Benjamin Kramer [Fri, 4 Mar 2011 19:49:30 +0000 (19:49 +0000)]
raw_ostream: while it is generally desirable to do larger writes, it can lead to
inefficient file system buffering if the writes are not a multiple of the desired
buffer size. Avoid this by limiting the large write to a multiple of the buffer
size and copying the remainder into the buffer.
Initially, slot indexes are quad-spaced. There is room for inserting up to 3
new instructions between the original instructions.
When we run out of indexes between two instructions, renumber locally using
double-spaced indexes. The original quad-spacing means that we catch up quickly,
and we only have to renumber a handful of instructions to get a monotonic
sequence. This is much faster than renumbering the whole function as we did
before.
Duncan Sands [Fri, 4 Mar 2011 14:28:59 +0000 (14:28 +0000)]
Revert commit 126684 "Use the correct shift amount type". It is only the correct
type after type legalization has completed. Before then it may simply not be big
enough to hold the shift amount, particularly on x86 which uses a very small type
for shifts (this issue broke stuff in the past which is why LegalizeTypes carefully
uses a large type for shift amounts).
Kalle Raiskila [Fri, 4 Mar 2011 13:19:18 +0000 (13:19 +0000)]
Allow vector shifts (shl,lshr,ashr) on SPU.
There was a previous implementation with patterns that would
have matched e.g.
shl <v4i32> <i32>,
but this is not valid LLVM IR so they never were selected.
Nick Lewycky [Fri, 4 Mar 2011 10:06:52 +0000 (10:06 +0000)]
Fold "icmp pred (srem X, Y), Y" like we do for urem. Handle signed comparisons
in the urem case, though not the other way around. This is enough to get #3 from
PR9343!
Nick Lewycky [Fri, 4 Mar 2011 07:00:57 +0000 (07:00 +0000)]
Teach instruction simplify to use constant ranges to solve problems of the form
"icmp pred %X, CI" and a number of examples where "%X = binop %Y, CI2".
Some of these cases (div and rem) used to make it through opt -O2, but the
others are probably now making code elsewhere redundant (probably instcombine).
Andrew Trick [Fri, 4 Mar 2011 02:03:45 +0000 (02:03 +0000)]
Minor pre-RA-sched fixes and cleanup.
Fix the PendingQueue, then disable it because it's not required for
the current schedulers' heuristics.
Fix the logic for the unused list-ilp scheduler.
Bill Wendling [Thu, 3 Mar 2011 23:14:05 +0000 (23:14 +0000)]
There are times when the landing pad won't have a call to 'eh.selector' in
it. It's been assumed up til now that it would be in its immediate
successor. However, this isn't necessarily the case. It could be in one of its
successor's successors.
Modify the code to more thoroughly check for an 'eh.selector' call in
successors. It only looks at a successor if we get there as a result of an
unconditional branch.
Devang Patel [Thu, 3 Mar 2011 20:02:02 +0000 (20:02 +0000)]
llvm::Function argument count is not a good indicator of how many arugments does the function have at source level. If we need more space, just resize vector conservatively. This vector is only used once per function.
Richard Osborne [Thu, 3 Mar 2011 13:17:51 +0000 (13:17 +0000)]

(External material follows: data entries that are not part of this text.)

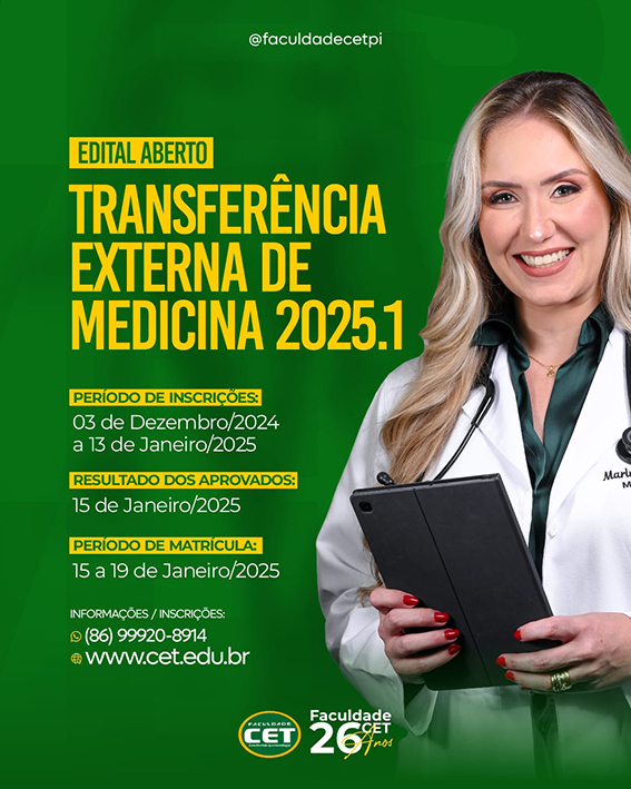 FACULDADE CET ABRE INSCRIÇÕES PARA TRANSFERÊNCIA EXTERNA EM MEDICINA 2025.1
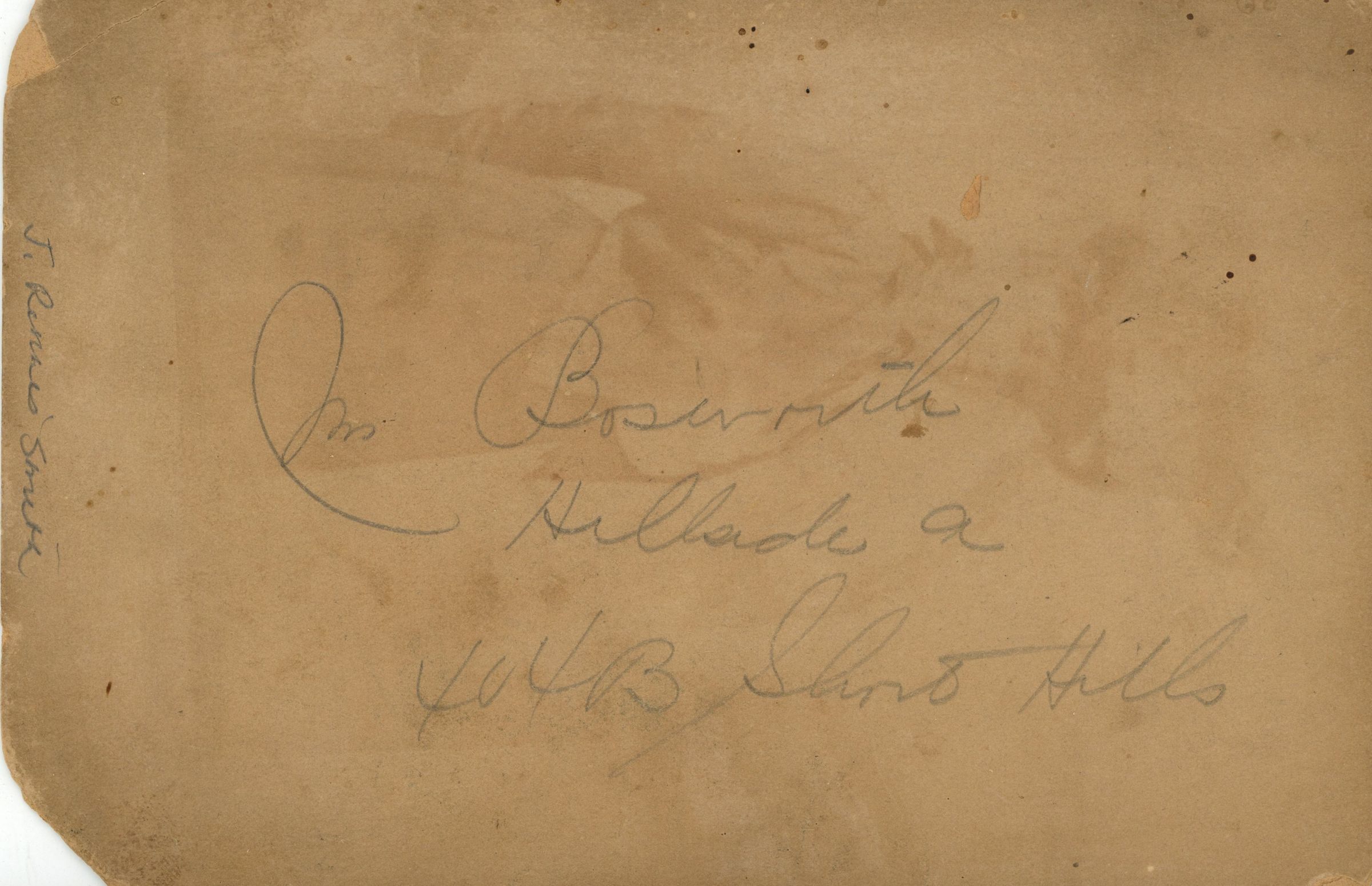 Photograph of an unidentified woman wearing a fancy scarf and brooch taken at J. Rennie Smith's photographic studio, 727 & 729 Broad Street, Newark New Jersey. Smith was a prominent photographer in Newark and Asbury Park 1880-1895. The photograph comes from the Bosworth collection of unidentified photos. The photograph has the following inscription on the verso: Mrs. Bosworth, Hillside at (Hobart ?), Short Hills. It may depict Sophia Bosworth (1865-1941).
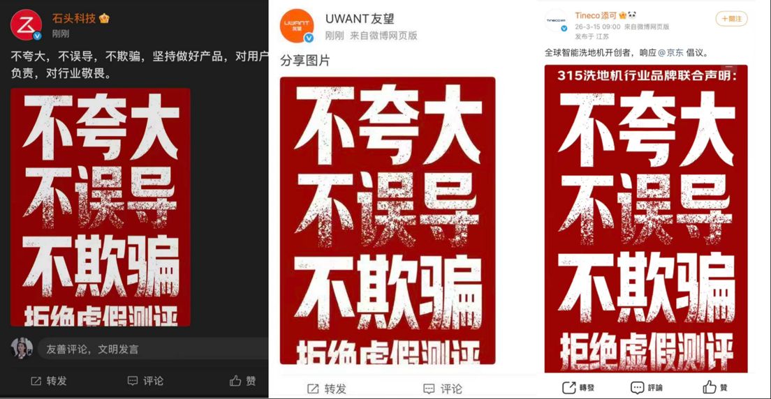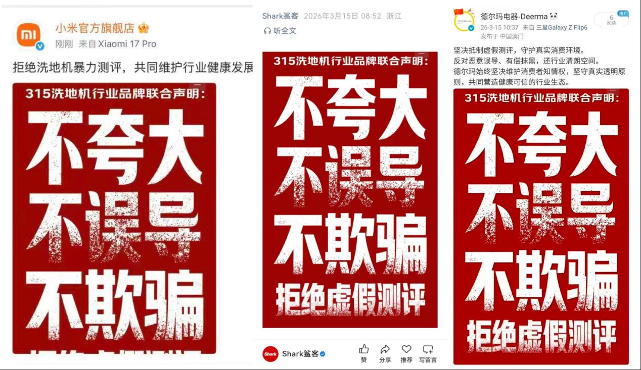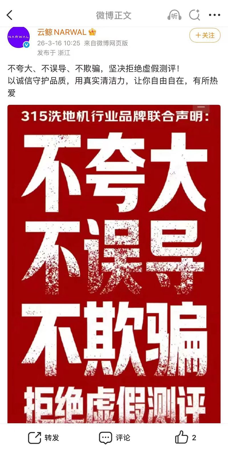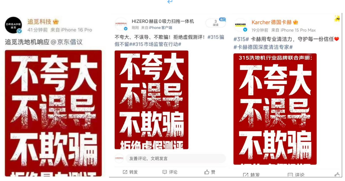 事實上,在近日的2026年AWE展會期間,京東就已聯(lián)合云鯨、添可、追覓、uwant等多家洗地機品牌,在現(xiàn)場揭穿部分直播機構通過“技術處理”制造性能假象的操作方式,共同發(fā)聲抵制虛假測評對行業(yè)生態(tài)的侵蝕。多位品牌負責人更是隔空怒斥虛假直播間。云鯨品牌負責人當場直言:“我們兩三年研發(fā)出的科技成果,被這些虛假直播間用十幾秒就‘否定’了,這不僅是對品牌投入的不尊重,更是在誤導消費者。如果今天不站出來發(fā)聲,消費者就可能一直被蒙在鼓里?!?還有品牌負責人表示,一些直播間會通過人為干預產(chǎn)品結構、堵塞吸污口等方式制造性能下滑假象,這種做法根本不是客觀測評,而是在刻意“變魔術”。
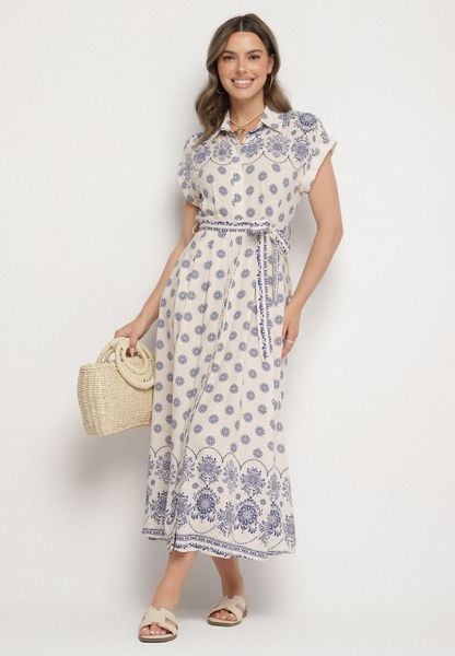Beżowo-Niebieska Koszulowa Sukienka z Wiskozy w Kwiatowy Wzór z Wiązanym Paskiem Iffinara
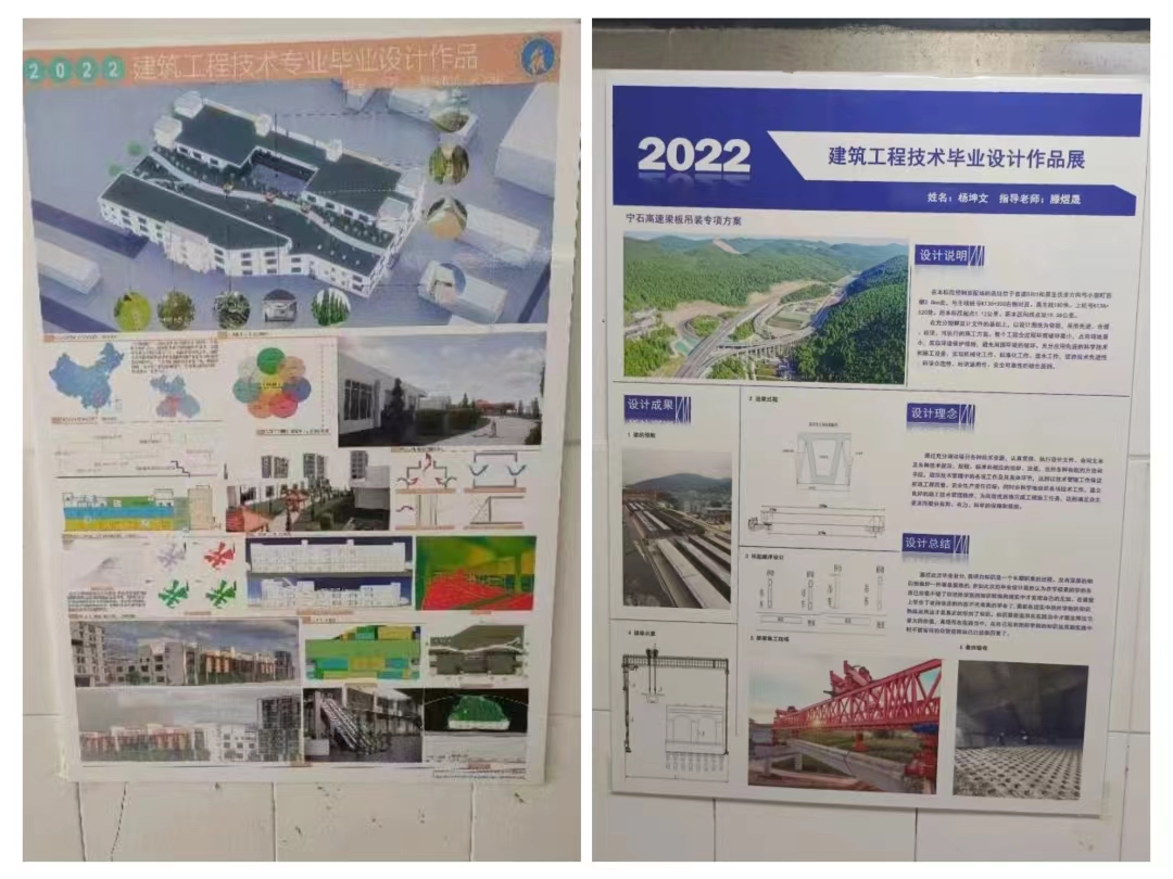 6月24日建筑工程系在B棟教學(xué)樓一樓走廊,舉辦了2022屆學(xué)生畢業(yè)設(shè)計(jì)展。本次畢業(yè)設(shè)計(jì)展覽共展出作品42副。
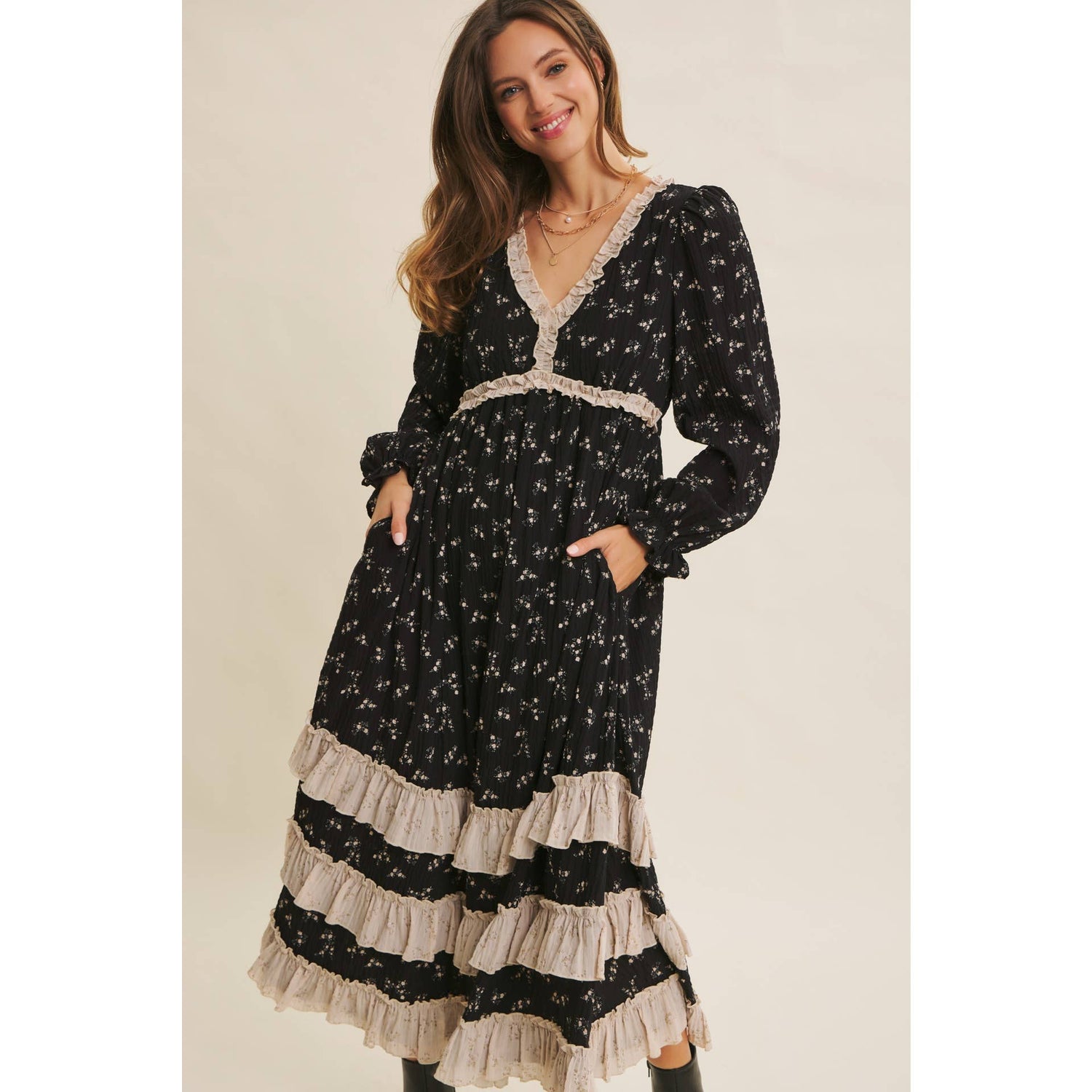 A poetic nod to prairie romance, this floral maxi dress captures the charm of countryside styling with a refined silhouette. Designed with a textured base and delicate ditsy print, it features soft ruffle trims in a contrast tone that cascade down the skirt for a tiered, movement-filled finish. The feminine V-neckline and waist flatter the figure, while long balloon sleeves and soft lining ensure comfort and coverage. Finished with side pockets and maternity-friendly ease, this style is equally lovely dressed up for fall gatherings or layered under cozy knits, as seen in our seasonal lookbook. With its thoughtful details and timeless floral print, it’s the kind of piece that transitions effortlessly from everyday beauty to special occasion charm.
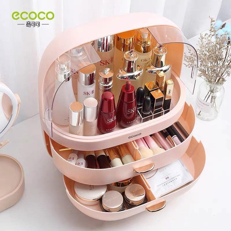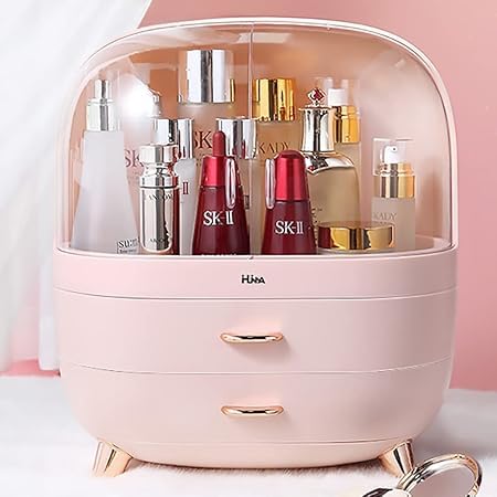 Generic - صندوق منظم مكياج انيق مقاوم للغبار، منظم مستحضرات تجميل كبير مقاوم للماء مع ادراج، حافظات عرض مستحضرات التجميل للعناية بالبشرة لسطح الطاولة والحمام وخزانة الملابس وغرفة النوم (بينك)
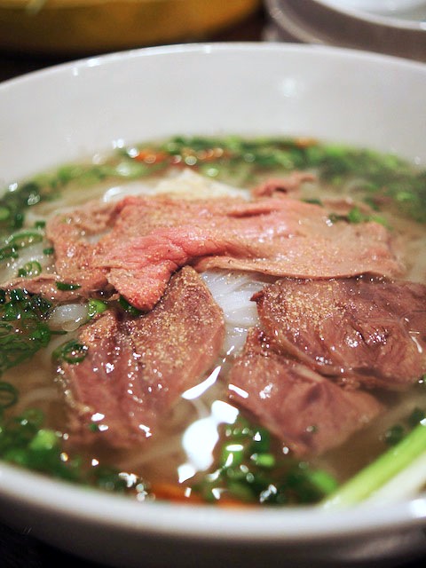 熱々スープに触れて肉に熱が入ってき表面チリッと、けれど基本はレアというそのムッチリとフォーのツルツルムチムチとした食感たのしい。
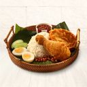 2-pc Chicken (OR), 1 Nasi Lemak, 1 Hard Boiled Egg, 1 Sambal Anchovies, Peanuts, Cucumber
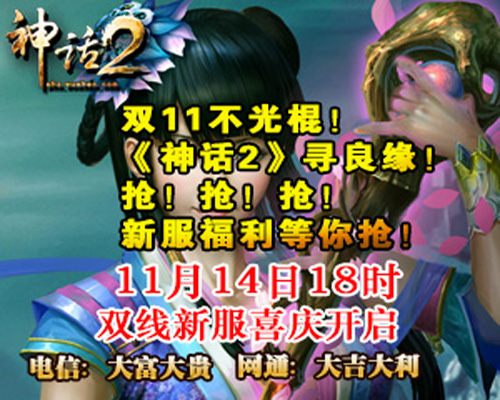 更多劲爆活动,请锁定11月14日18时,《神话2》两组新服激情引爆金秋,新服电信:“大富大贵”、网通:“大吉大利”静候各位小伙伴儿们的组团加入!百万元宝让你拿到手软,赶紧来吧!

Optimize printf -> iprintf if there are no floating point arguments
and iprintf is available on the target. Currently iprintf is only
marked as being available on the XCore.
Eli Friedman [Thu, 3 Mar 2011 07:24:36 +0000 (07:24 +0000)]
PR9352: Always emit a relocation for weak symbols. Not emitting relocations
for calls to weak symbols with a definition has the appearance of working
with LLVM-generated code because weak symbol definitions are put in their
own sections.
Renumber slot indexes uniformly instead of spacing according to the number of defs.
There are probably much larger speedups to be had by renumbering locally instead
of looping over the whole function. For now, the greedy register allocator is
25% faster.
Represent sentinel slot indexes with a null pointer.
This is much faster than using a pointer to a ManagedStatic object accessed with
a function call. The greedy register allocator is 5% faster overall just from
the SlotIndex default constructor savings.
Avoid comparing invalid slot indexes, and assert that it doesn't happen.
The SlotIndex created by the default construction does not represent a position
in the function, and it doesn't make sense to compare it to other indexes.